We could just post Ideas about how it started and such at the moment then find ways of writing it. Ideas to start off with might be that humans are said to of come from the east correct? well why dont we say that they came only a few years after the Eldar .
Dont forget people this is just an idea so dont take me literally. So post ideas here.Any Ideas For any ages etc.

If things get big enough we might even be able to get our own forum thing like RPG's has.


----------



## Lorien (Jan 9, 2002)

unfortunately i dont think this is the only forum that might be contemplating the idea of completing the tolkien lore.....(hate to be a spoiler) 
but hey who cares...????we all have got a lot of free time on our hands and someone should outline a beginning first and then fill in with ideas etc.....so that we have some boundary atleast for a beginning.....

{basically my way of saying count me in!!!!!}


----------



## Curufinwe (Jan 9, 2002)

Which other Forum on the internet? We'll we will have to beat them to it, they can't do the whole thing anyways, that was not what Tolkien had wanted.


----------



## Curufinwe (Jan 9, 2002)

*More Question's.*

How far are they into discussing this and when did they start.
Maybe this is why we have not seen another book on M-E by someone quite different than Tolkien because of the inconsitancy of people wanting to overwhelm there character's thoughts and places etc into the book.

Maybe it should be left alone after all......


----------



## Lorien (Jan 9, 2002)

i dont know which forum.....i'm just saying that if THIS forum can think up something like this wont there be another tolkien forum thinking along the same lines maybe?....this is all a (whatseems to me) a rational and logical thought.....and hey i could be wrong.......
there is no harm in trying.....and i want to try.. 
so lets get some ideas maybe?


----------



## Curufinwe (Jan 10, 2002)

Yeah I guess we have to face it in a positive manner , and not be dismayed that some other place would try and do such a task as we have set out to do.

Anyhow where should we start? Like the story auindale or like when the elves first came to M-E there was two groups one that were found by the Valar and one that were no where near being found because they were in the east or something?


----------



## Lorien (Jan 10, 2002)

i think it should start out like the ainulidae.......that was always to my liking....and then we could slowly change over to a story style......


----------



## aragil (Jan 11, 2002)

Curufinwe- (regarding your first question- has anyone else ever published Middle-Earth fiction) I think that Kementari once stated that Marion Zimmer Bradley (_Mists of Avolon_) wrote a book about Aragorn and Arwen. I don't know if it's true or not, but I thought you might like to know.


----------



## Atticus (Jan 11, 2002)

You are right, if anyone is to be trusted to do this, it's us, the readers. And we should, before they pick some hollywood dude to do it; so as to capitalize on the movie hype.

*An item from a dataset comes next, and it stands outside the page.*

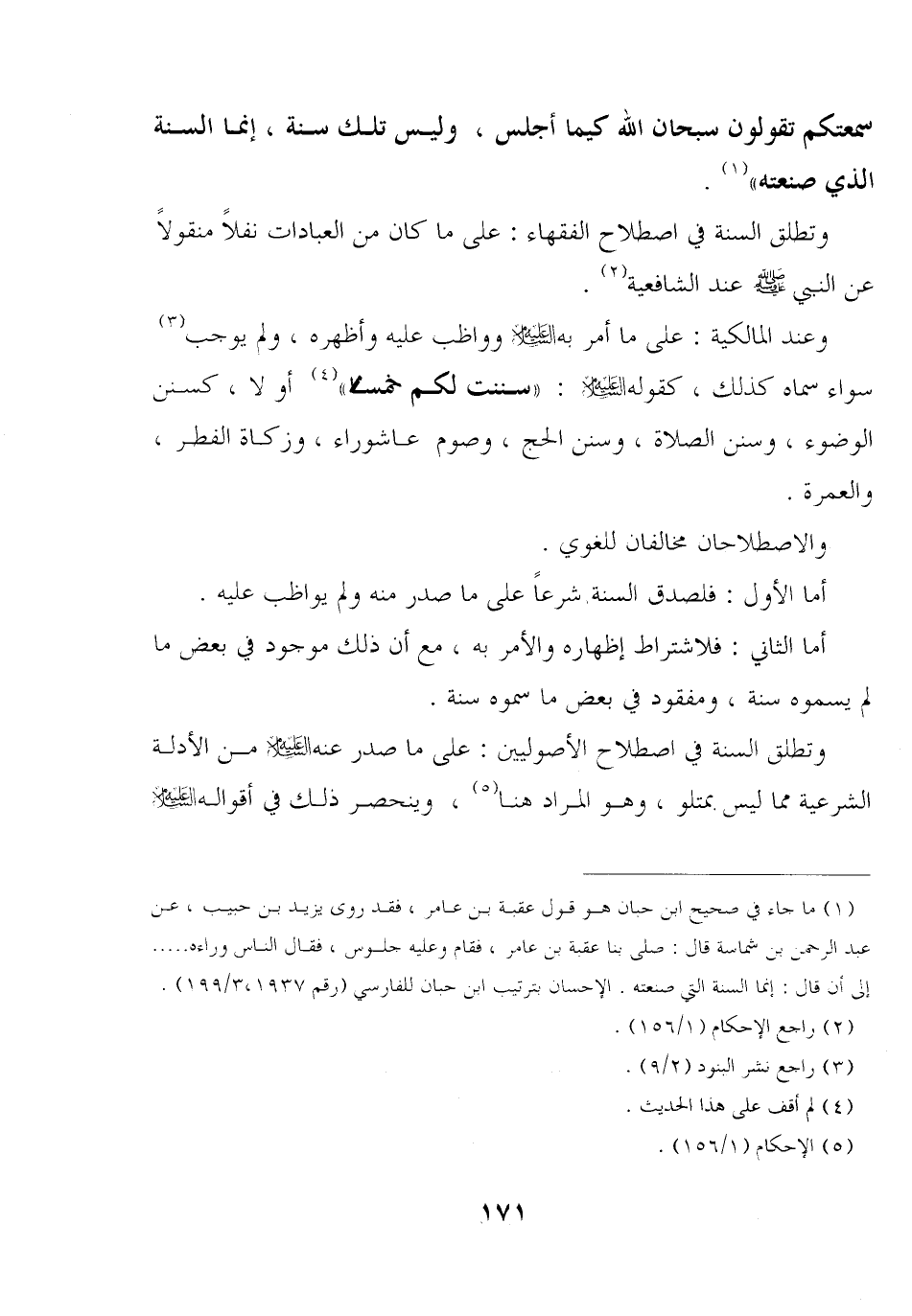 وتطلق السنة في اصطلاح الأصوليين: على ما صدر عنه عليه السلام من الأدلة الشرعية مما ليس بمتلو, وهو المراد هنا, وينحصر ذلك في أقواله عليه السلام

We should do this, whether being able to get together or not, I have some ideas, as I have thought of this before. Anyway, good luck to us all.


----------



## Curufinwe (Jan 11, 2002)

Could one of the people who run the board's make a board thing like they have for the RPG's?m I think it would be easier if we had one to add threads to about some ages and ideas for that age.


----------



## Lorien (Jan 11, 2002)

dont u think we should try getting more people into this thread first? i mean guys that know a lot of stuff and all like grond, telchar etc....


----------



## Curufinwe (Jan 12, 2002)

yeah but we would need promoting, if we made the i dunno what it is thing like the rpg's have people will wander in and start posting ideas and such so it would be out in the open instead of in the silmarillion section where hardly any people will look at it.


----------



## Lorien (Jan 12, 2002)

but then u have the danger of too many people giving too many ideas...
and then some people wud have the unfortunaste job of sorting thru all those ideas and finding the good ones....
so i say leave it in the silmarillion let it grow for a bit and then we can expand....
otherwise it'll just be too much..


----------



## Curufinwe (Jan 12, 2002)

Okay fine we'll stay here but we are going to have to designate positions and jobs arent we soon if thi thing gets large, which I dont think it will because we havent had too much of a huge input. Maybe if some people are in charge of some years then there are people in charge of like ages which the year people talk to then we have one main person.


----------



## lilhobo (Jan 12, 2002)

this is what they are doing with Music, where everyone can logg in and add pieces of track to a musical score etc....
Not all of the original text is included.